Microsoft announced the open source release of the OpenHCL paravirtualization layer and the OpenVMM virtual machine monitor, specifically developed to support OpenHCL. The OpenVMM and OpenHCL code is written in Rust and distributed under the MIT license. OpenVMM is a second-layer hypervisor, operating in the same protection ring as the operating system kernel, similar to products like VirtualBox and VMware Workstation. It supports running on top of host systems based on Linux (x86_64), Windows (x86_64, Aarch64) and macOS (x86_64, Aarch64), using the virtualization APIs KVM, SHV (Microsoft Hypervisor), WHP (provided by the OS data)Windows Hypervisor Platform) and Hypervisor.framework.
Among the features supported in OpenVMM are:
- Boot in UEFI and BIOS modes, direct kernel boot Linux;
- Support for paravirtualization based on Virtio drivers (virtio-fs, virtio-9p, virtio-net, virtio-pmem)
- Support for paravirtualization based on VMBus (storvsp, netvsp, vpci, framebuffer);
- Emulation of vTPM, NVMe, UART, i440BX + PIIX4 chipset, IDE HDD, PCI and VGA;
- Backends for passing graphics, input devices, console, storage and network access;
- Management via command line interface, interactive console, gRPC and ttrpc.

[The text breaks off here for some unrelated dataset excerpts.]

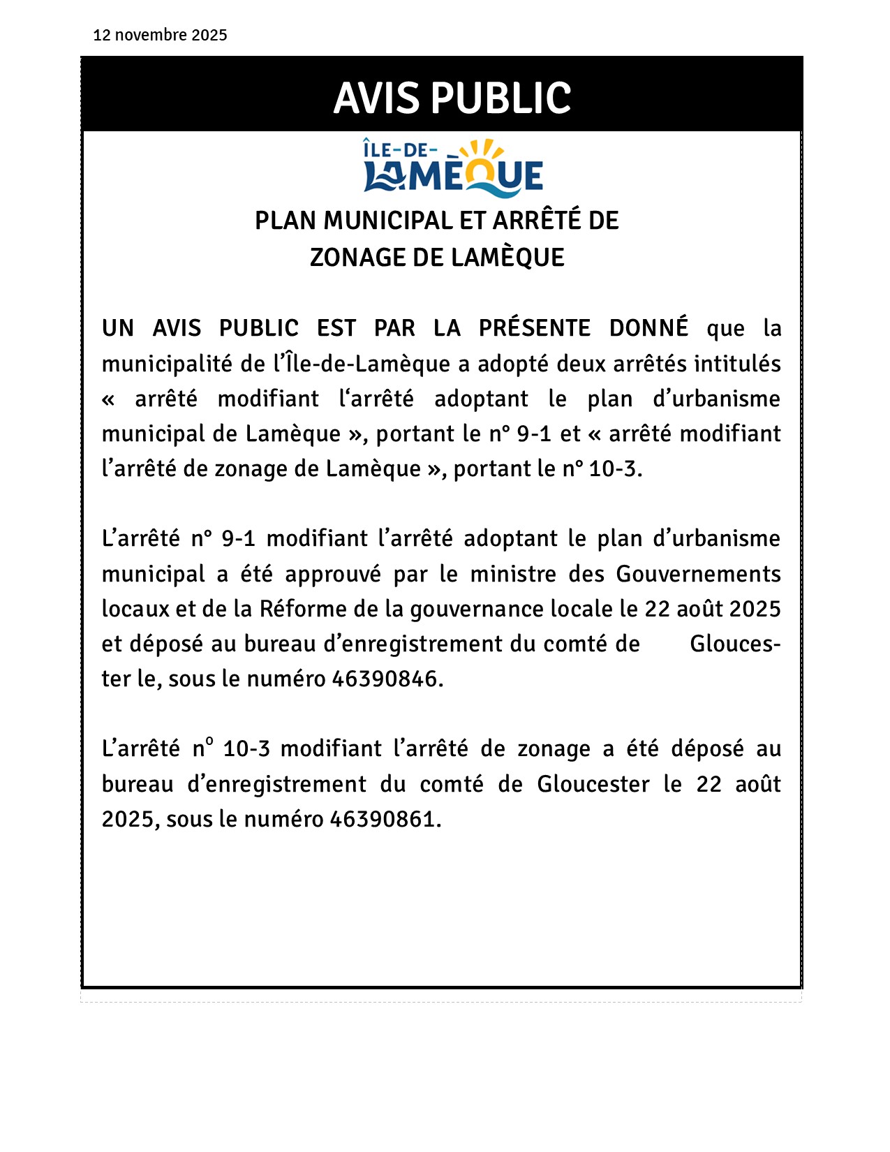 12 novembre 2025-un avis public est par la présente donné que la municipalité Île-de-Lamèque a adopté deux arrêtés intitulés ...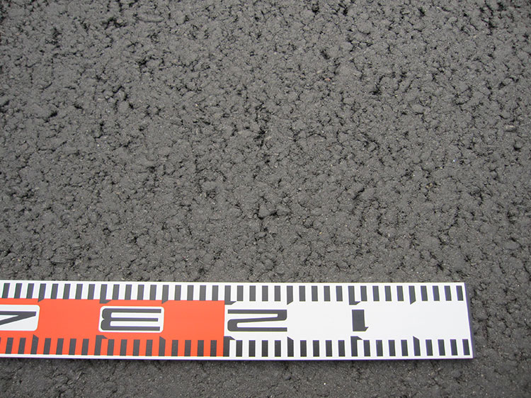 わだち掘れは、車輪の通行位置がへこむように変形する現象です。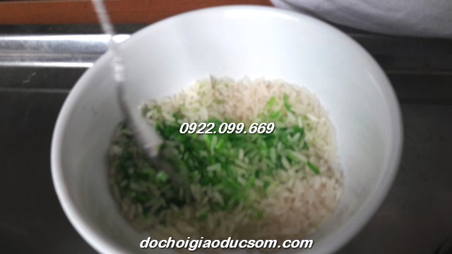 Ôi, mầu này đậm quá, mẹ cho thêm gạo trắng để bớt đậm nhé. Đảo đều nào!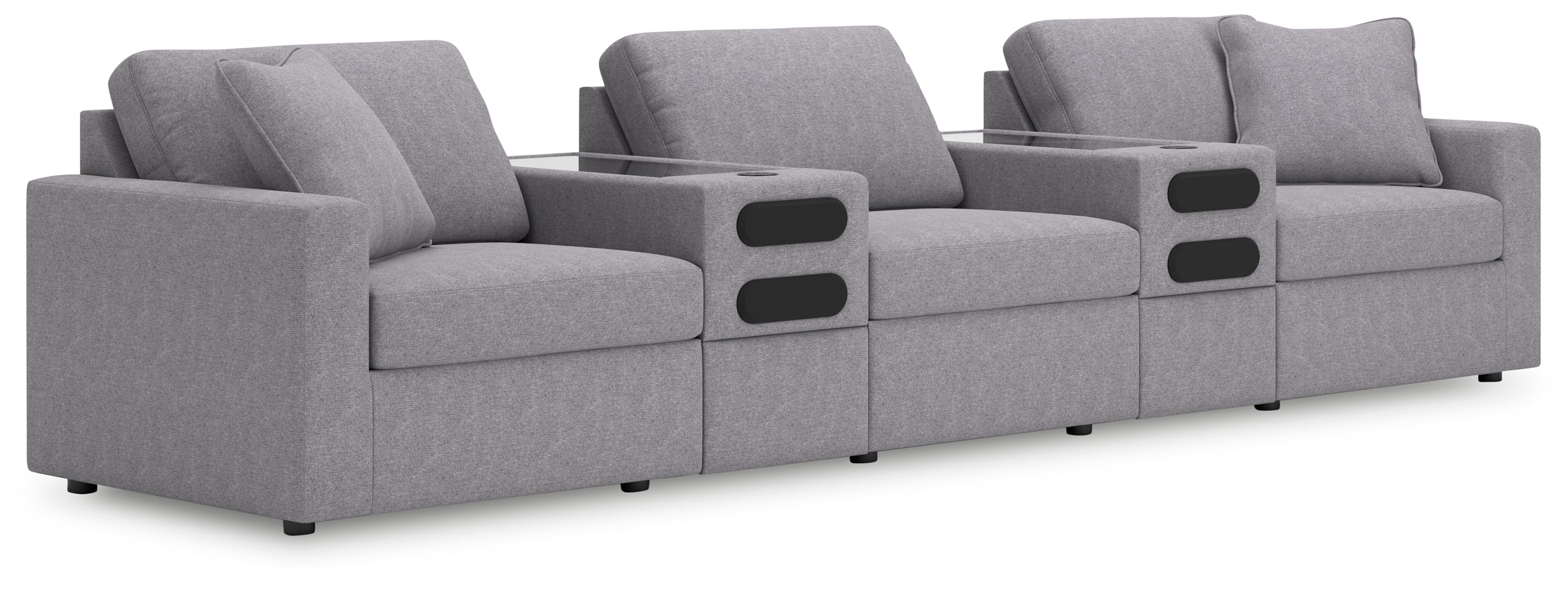 Includes 5 modular pieces: left-arm facing corner chair, armless chair, 2 audio consoles with storage and right-arm facing corner chair,

OpenHCL is positioned as an environment with paravirtualization components (paravisor) running on top of the OpenVMM hypervisor. The key feature of virtualization systems based on OpenVMM and OpenHCL is that paravirtualization components are executed not on the host system side, but in the same virtual machine with the guest system. Isolation of the paravirtualization layer from the guest operating system is provided by the second-level hypervisor OpenVMM. OpenHCL in this application can be considered as virtual firmware running at a higher privilege level than the operating system launched in the guest environment.
The separation of the guest system and OpenHCL components is achieved using the concept of virtual trust levels (VTLs), which can be implemented using both software mechanisms and hardware technologies such as Intel TDX (Trust Domain Extensions), AMD SEV-SNP (Secure Encrypted Virtualization-Secure Nested Paging), and ARM CCA (Confidential Compute Architecture). A stripped-down kernel build is used to execute OpenHCL components. Linux, which includes only the minimum required components for OpenVMM to run.
OpenHCL can run on x86-64 and ARM64 platforms, and supports Intel TDX, AMD SEV-SNP, and ARM CCA extensions for additional isolation. OpenHCL includes a set of services, drivers, and emulators used to provide access to hardware, provide virtual devices on the guest system side, and emulate hardware devices (for example, a chip for storing cryptographic keys, vTPM, can be emulated).
To translate access to hardware on the guest system side, existing paravirtualization-enabled drivers are used, or devices can be directly bound to the virtual machine, allowing existing guest systems to be migrated to an OpenHCL-based environment without modification. OpenHCL also includes diagnostic and debugging components. virtual machines, performed using extensions to ensure confidential computing.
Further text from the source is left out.